Metaversity on the Internet Computer: Data Science Pipeline For Academic Research & Web 3.0 Education
Introduction
Overview of Metaversity on the Internet Computer
The Metaversity on the Internet Computer project consists of three phases.
- Phase I: Socrates-Lau Tzu
- Phase II: Plato-Confucius
- Phase III Aristotle-Mencius
This project belongs to the first of the three phases of Metaversity on the Internet Computer. Metaversity on the Internet Computer aims to create an open, innovative, and sustainable academy on the Internet Computer, providing scholars easy access to blockchain data, a platform for generating meaningful behavioral data, and a sustainable ecosystem for the future of academia. In the first phase, Metaversity will address the need to provide a data science pipeline for academic research and web 3.0 education. In the second phase, we plan to build an on-chain platform for behavioral experiments in academia. In the third phase, we plan to create a metaversity of token economy.
Motivation
Existing blockchain data source, including token dynamics and allocation, governance related proposals, transaction data, dApp analytics, has three common issues:
- Not research and education oriented. Most of the data sources that exist today are not research and education oriented, but intended for purely documentary, display purposes, or industrial usage, which has caused unnecessary barriers to using blockchain data in academia. One of the biggest obstacles is the lack of uniform standards or guidelines for data access and usage, which significantly slows down the efficiency of blockchain-related research iterations.

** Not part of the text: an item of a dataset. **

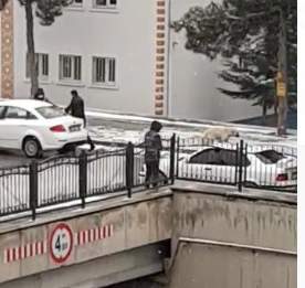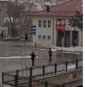 Yozgat Merkez Köprülü Kavşakta kar yağışı altında görev yapan polislere çay ikramında bulunan vatandaş, o bölgede oturan vatandaşların dikkatini çekti.

- Lack of integral and reasonable research-wise documentation. Currently, it’s hard to find data sources with supplementary research-wise documentation. The quality of documentation of blockchain data varies, and it is difficult to get information from it that is useful for scientific research. One obstacle is that much of the useful information in the blockchain industry, which includes a reasonable interpretation of the data sources are not understandable for the interdisciplinary audiences. Thus, there is a critical need for an integrated platform to enable an inclusive ecosystem of researchers and educators from multiple disciplines.
- Lack of supporting data science pipeline. Most of the current data sources exist in standalone form. However, related research requires a range of supporting data science tools; for example, easy-to-use and highly compatible database APIs, data monitoring dashboards, integration with several programming languages, etc.
Phase I solutions
We will build a data science pipeline intended for academia usage including database, API, detailed documentations, common programming language integration solutions, and data monitoring dashboards for research and educational purpose. Furthermore, we will invite scholars to join academic projects using our data science pipeline, together create sample deliverables, and conduct user-experience studies to further improve our product.
First, we will query data from several existing ICP data sources. There are currently a few online APIs that provide ICP data, for example, ICP Public Dashboard API and ICP Explorer. Most of the data in these sources contain only real-time information. However, most academic research requires historical data. Hence, we will identify the data of academic value and collect the historical data.
Then, we will use the data to build a database and provide an academic-friendly API. We plan to provide a conventional RESTful API. The format will be similar to the Public Dashboard API provided by the DFINITY Foundation. We first place the data on a centralized server to ensure that we could quickly develop features upfront. In the future, we plan to migrate the database to the Internet Computer and build databases through libraries such as sudograph. Furthermore, we will provide API integration solutions for common programming languages such as Python similar to the Python wrapper of the Alpha API.
Finally, we will build a series of data science accessories to serve the database usage, including a dashboard for data monitoring and detailed data descriptors. We will provide visualization tools similar to the Internet Computer Network Status dashboard. Our data descriptors will be similar to the online documentation of the Alpha API in presentation, but providing more guidance in academic usage.
Project Roadmap & Milestones
Phase I - Milestone I: Data Collection and Database Construction
Deliverables:
- Create ICP Historical Database
collect and record by constantly querying real-time data through DFINITY public API
- Create Online Database API
Reference: DFINITY public dashboard API
Phase I - Milestone II: API Documentation
Deliverables:
- Create API Documentation Site
Reference: Alpha API
Phase I - Milestone III: Data Science Tools Development
Deliverables:
- Create Programming language wrapper for the API
Reference: Python wrapper of the Alpha API
- Create Interactive Dashboard for Researchers and Educators
Reference: Internet Computer Network Status dashboard
Phase I - Milestone IV: User Experience Study for Improvements
- Invite professors and students in multiple disciplines to joint research and educational programs using our data science pipeline
- Conduct user-experience studies to collect feedback for further improving our data science pipeline
To Internet Computer
Metaversity will be the first platform intended for serving an academic purpose on the Internet Computer. Our project will attract global professors and students to innovate on the Internet Computer for the great cause of research and education. Blockchain has empowered an open internet for many industrial sectors, but the application for academia still awaits. Our project will enable IC to take the first essential step into the academic space, attracting intellectuals able to innovate at the frontier of human civilizations.